Sulu in San Diego: An Intimate Interview, Part II

Actor Geroge TakeiIn Part I of an intimate interview with George Takei at the 2007 San Diego Asian Film Festival, SDAFF founder and executive director Lee Ann Kim asked George Takei about his experience on the original STAR TREK television show and his relationship with Gene Roddenberry.  In Part II, the actor discusses his ascension to captaincy in the movie series, his reasons for telling the media he is gay, and his political views on Governor Arnold Schwarzenegger and President George W. Bush.
As previously mentioned, because of the touchy nature of the topics he chose to discuss, rather than write his quotes into an article, I felt that it would be more respectful to share Takei’s comments in Q&A format, so that his words are not taken out of context.
LEE ANN KIM:  Did you have to do any lobbying in order to try go up the ranks on the Enterprise over the years?
GEORGE TAKEI:  We had seven regular actors and two battling for supremacy.
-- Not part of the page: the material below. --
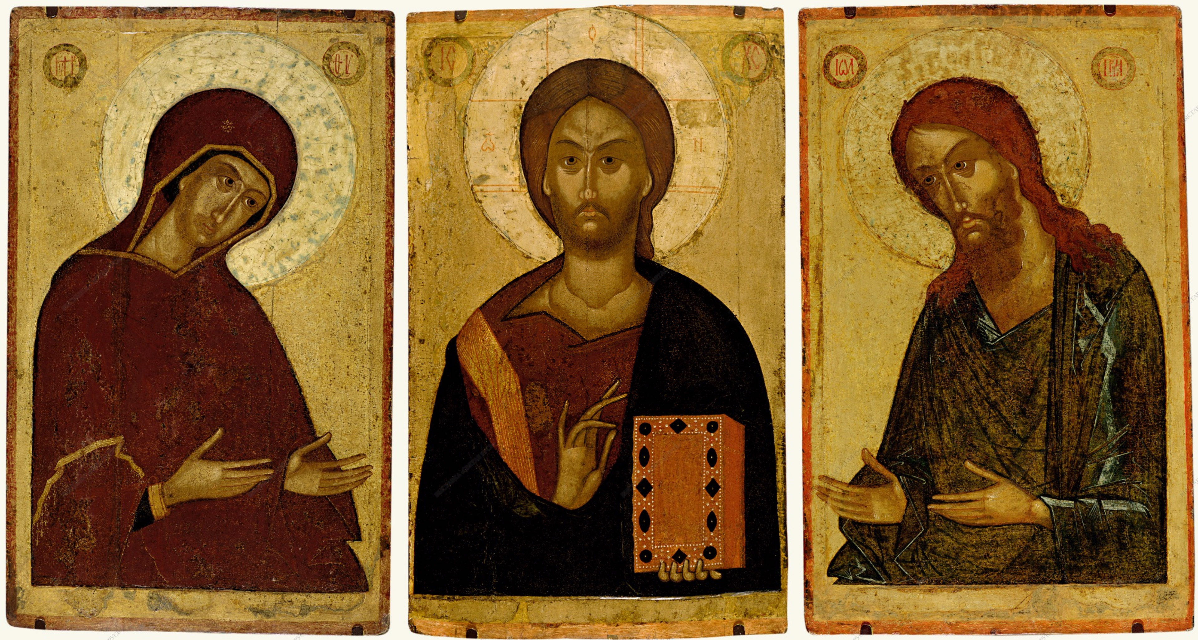 Псков Дерево; темпера БОГОМАТЕРЬ 110 x 68, СПАС ВСЕДЕРЖИТЕЛЬ 110 x 67, ИОАНН ПРЕДТЕЧА 110 ? 68 Поступил в 1930 году из ГИМ Происхождение неизвестно Реставрация домузейная ГТГ инв. 12856, 12857, 12855 Ссылки:Вернуться назад |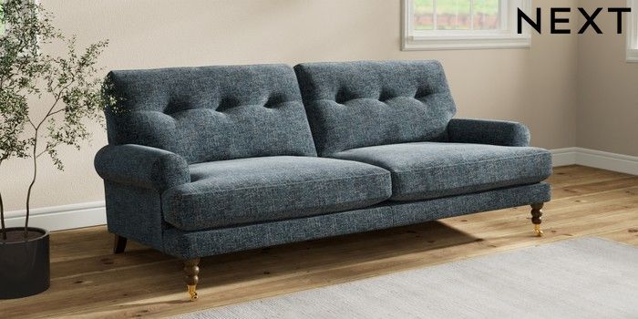 7.2.10 Erin Buttoned Back Deep Relaxed Sit 3 Seater Sofa Chunky Chenille Dark Navy Blue High Classic Turned Brass Castor - Mid | Made Click here to use our website with more accessibility support, for example screen readers

Bill Shatner was the ostensible star of the series, but once the series was on the air, Leonard Nimoy had more fan letters than any of us, including Bill Shatner.  And Bill got very insecure.  So there was a battle royale going on and they were lobbying for their characters and when you have the two leads in a series trying to get as much time as possible, it was difficult for the rest of us to get to say more than just, “Aye aye, sir,” and, “Warp 3.”
I was always lobbying that Sulu was supposed to have graduated from Starfleet academy at number one and he was getting the reputation as being the best helmsman at Starfleet.  I figured if that is so, shouldn’t that be reflected in his participation in the stories?  So I kept lobbying and lobbying, but with the two battle royales going on it was only occasionally that we got opportunities to do shows like “Naked Time” and “Mirror, Mirror.”  But I kept it up all through the series and when we became a series of movies, I kept up the same arguments, and when the movies started I began lobbying for a captaincy for Sulu and it was just becoming too difficult.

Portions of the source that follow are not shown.